Pictures aside, the data must be reproduced exactly.

# RECORDED DATA:
- - -

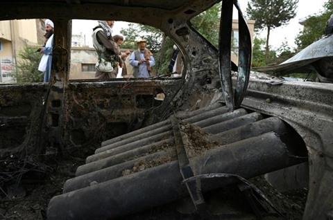| Une voiture endommagée, après des tirs de roquettes à Kaboul le 30 août. |
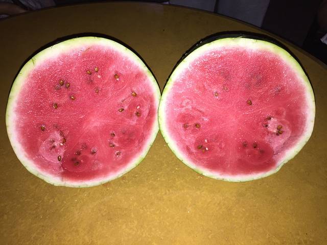 值得一提的是,老板真是好人,把我们那天晚上吃剩下的半个西瓜冰冻好送了下来,并且切好分块。天气这么热,我们这么累,西瓜吃起来特别特别甜~
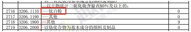 序号2716,税则号列3206.1110,货品名称---钛白粉,协定税率0;
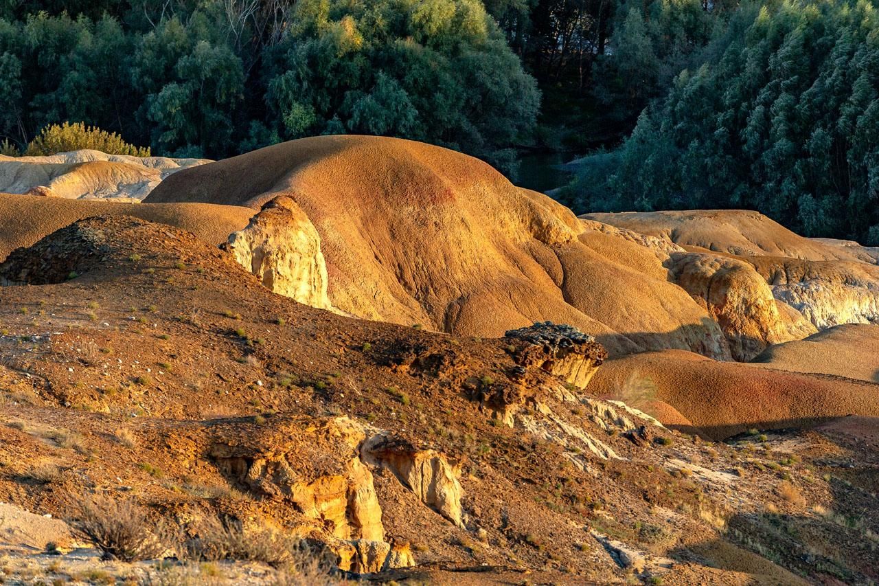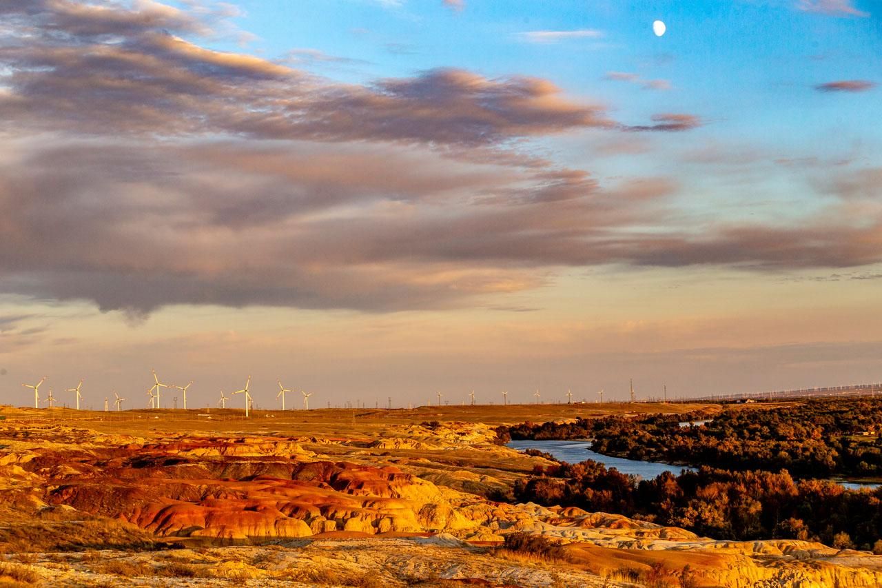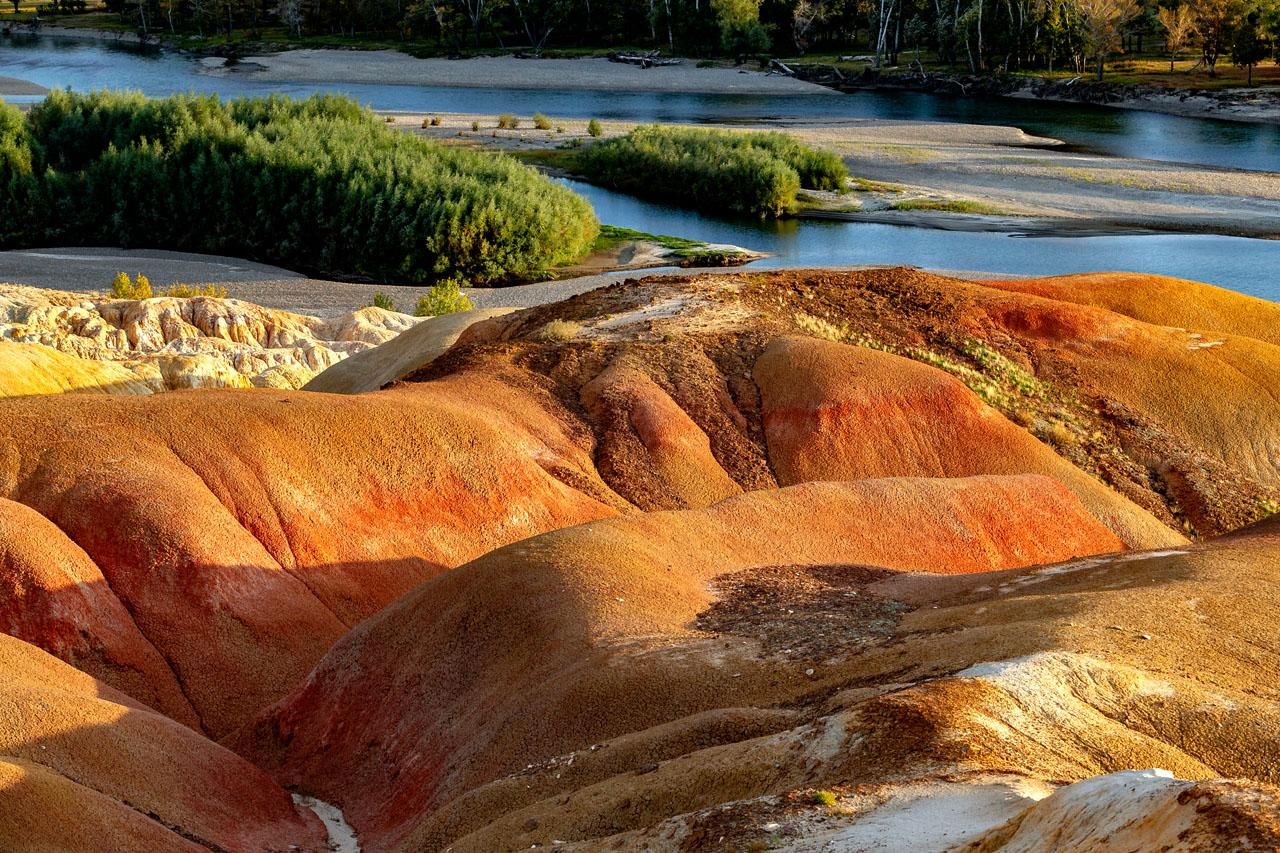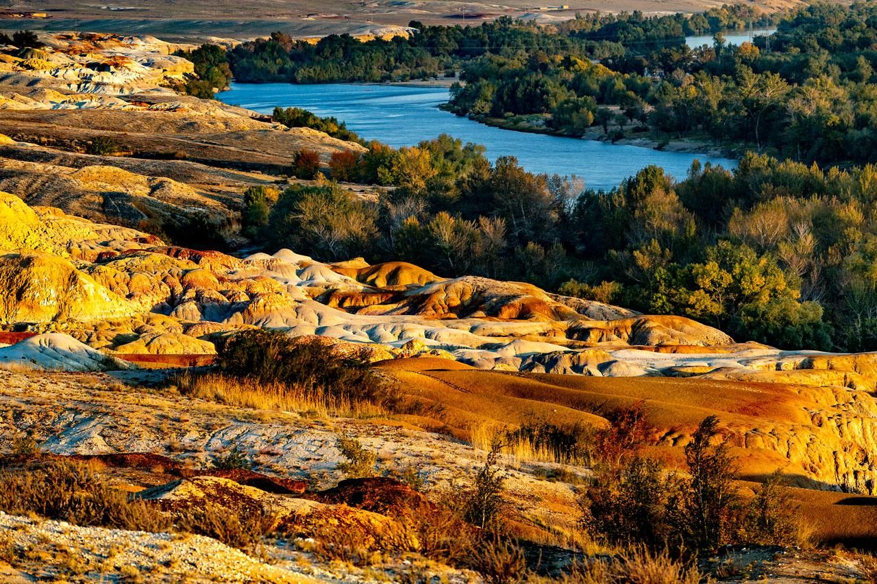 新疆布尔津的五彩滩,夕阳西下,金黄色一片,映照在雅丹地貌上,额尔齐斯河对岸,郁郁葱葱,远处山峦逶迤,戈壁茫茫,正所谓“一河两重天”。

- - -

# SOLVED EXERCISE:
| Une voiture endommagée, après des tirs de roquettes à Kaboul le 30 août. |
 值得一提的是,老板真是好人,把我们那天晚上吃剩下的半个西瓜冰冻好送了下来,并且切好分块。天气这么热,我们这么累,西瓜吃起来特别特别甜~
 序号2716,税则号列3206.1110,货品名称---钛白粉,协定税率0;
 新疆布尔津的五彩滩,夕阳西下,金黄色一片,映照在雅丹地貌上,额尔齐斯河对岸,郁郁葱葱,远处山峦逶迤,戈壁茫茫,正所谓“一河两重天”。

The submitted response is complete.